▸ **ASSIGNMENT**
Return every line below as is, leaving out the pictures.

▸ **GIVEN MATERIAL**
*-*-*

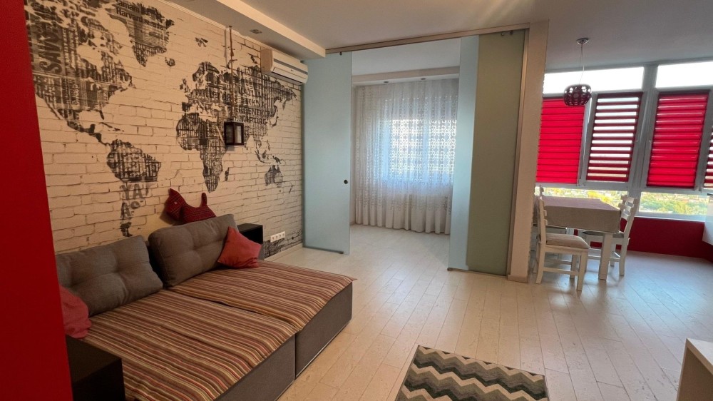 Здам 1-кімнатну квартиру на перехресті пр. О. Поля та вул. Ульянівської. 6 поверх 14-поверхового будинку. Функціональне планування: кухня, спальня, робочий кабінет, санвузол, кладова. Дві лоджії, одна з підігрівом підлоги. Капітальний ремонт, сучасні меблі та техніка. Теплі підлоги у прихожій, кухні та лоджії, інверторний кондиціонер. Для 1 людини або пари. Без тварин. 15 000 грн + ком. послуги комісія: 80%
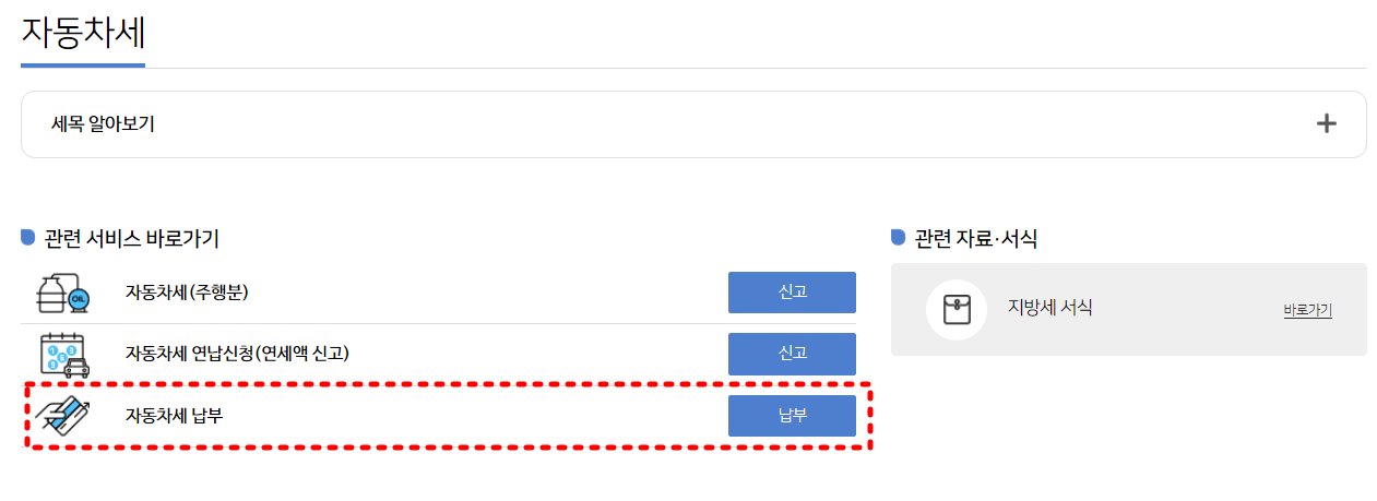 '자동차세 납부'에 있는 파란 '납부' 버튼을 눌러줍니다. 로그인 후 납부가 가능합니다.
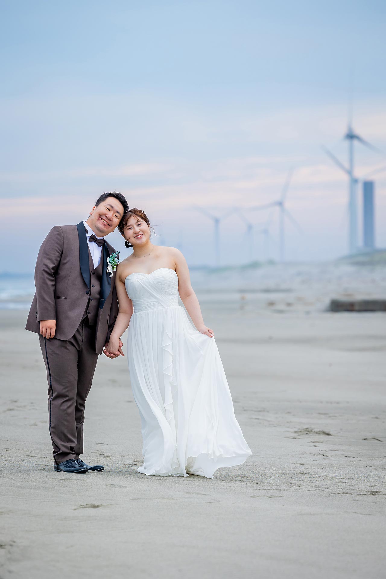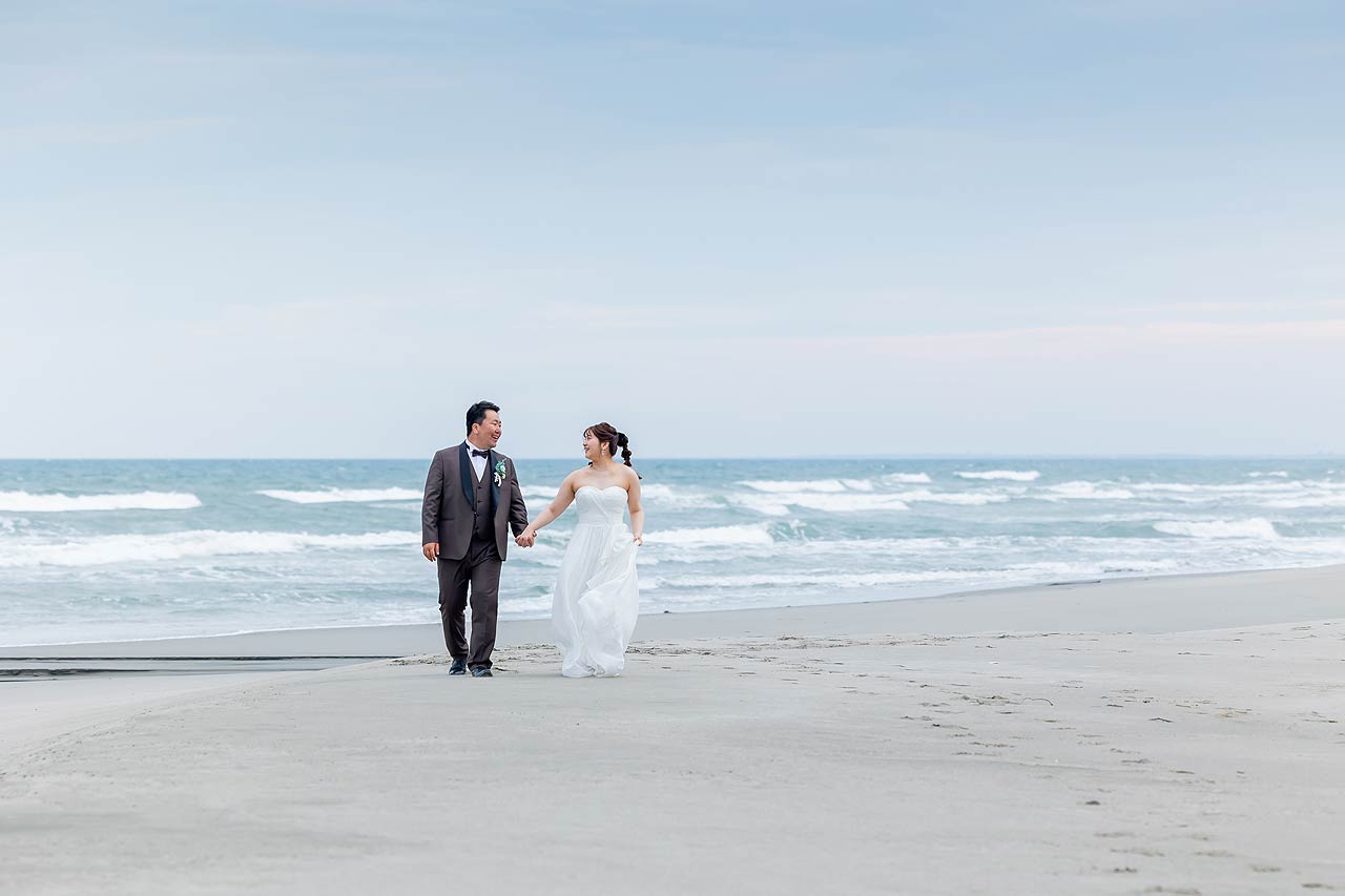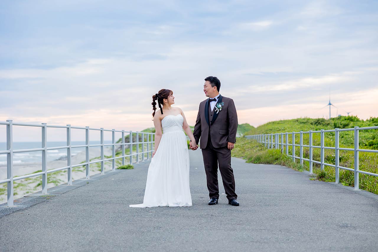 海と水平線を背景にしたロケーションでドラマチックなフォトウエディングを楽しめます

*-*-*

▸ **RESPONSE AREA**
 Здам 1-кімнатну квартиру на перехресті пр. О. Поля та вул. Ульянівської. 6 поверх 14-поверхового будинку. Функціональне планування: кухня, спальня, робочий кабінет, санвузол, кладова. Дві лоджії, одна з підігрівом підлоги. Капітальний ремонт, сучасні меблі та техніка. Теплі підлоги у прихожій, кухні та лоджії, інверторний кондиціонер. Для 1 людини або пари. Без тварин. 15 000 грн + ком. послуги комісія: 80%
 '자동차세 납부'에 있는 파란 '납부' 버튼을 눌러줍니다. 로그인 후 납부가 가능합니다.
 海と水平線を背景にしたロケーションでドラマチックなフォトウエディングを楽しめます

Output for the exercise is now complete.